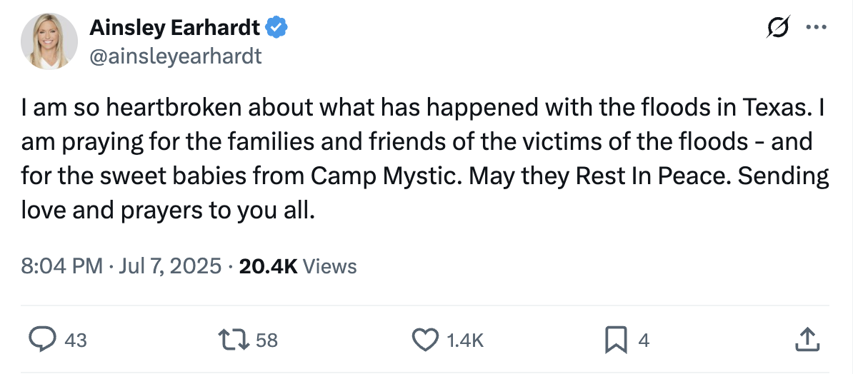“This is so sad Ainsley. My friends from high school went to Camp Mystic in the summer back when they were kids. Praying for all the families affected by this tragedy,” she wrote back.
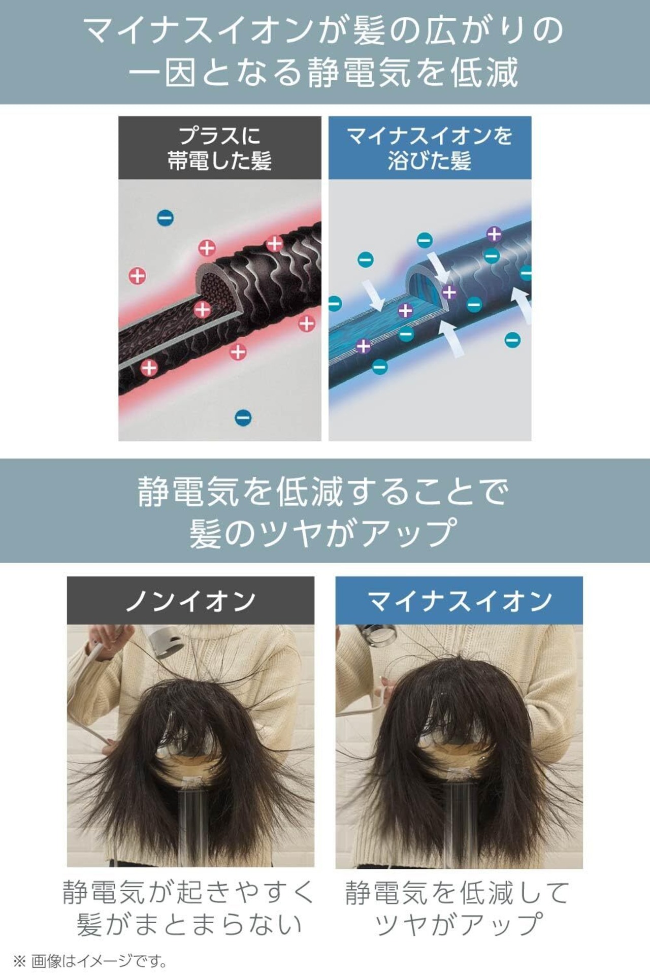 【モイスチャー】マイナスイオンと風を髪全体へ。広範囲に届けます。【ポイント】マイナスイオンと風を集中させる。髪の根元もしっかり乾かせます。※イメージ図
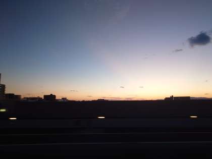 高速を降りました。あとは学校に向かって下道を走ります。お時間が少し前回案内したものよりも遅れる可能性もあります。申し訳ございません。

→ **Task goal**: Only the pictures are to be left out; write out all the other data exactly.

→ **Problem solution**:
“This is so sad Ainsley. My friends from high school went to Camp Mystic in the summer back when they were kids. Praying for all the families affected by this tragedy,” she wrote back.
 【モイスチャー】マイナスイオンと風を髪全体へ。広範囲に届けます。【ポイント】マイナスイオンと風を集中させる。髪の根元もしっかり乾かせます。※イメージ図
 高速を降りました。あとは学校に向かって下道を走ります。お時間が少し前回案内したものよりも遅れる可能性もあります。申し訳ございません。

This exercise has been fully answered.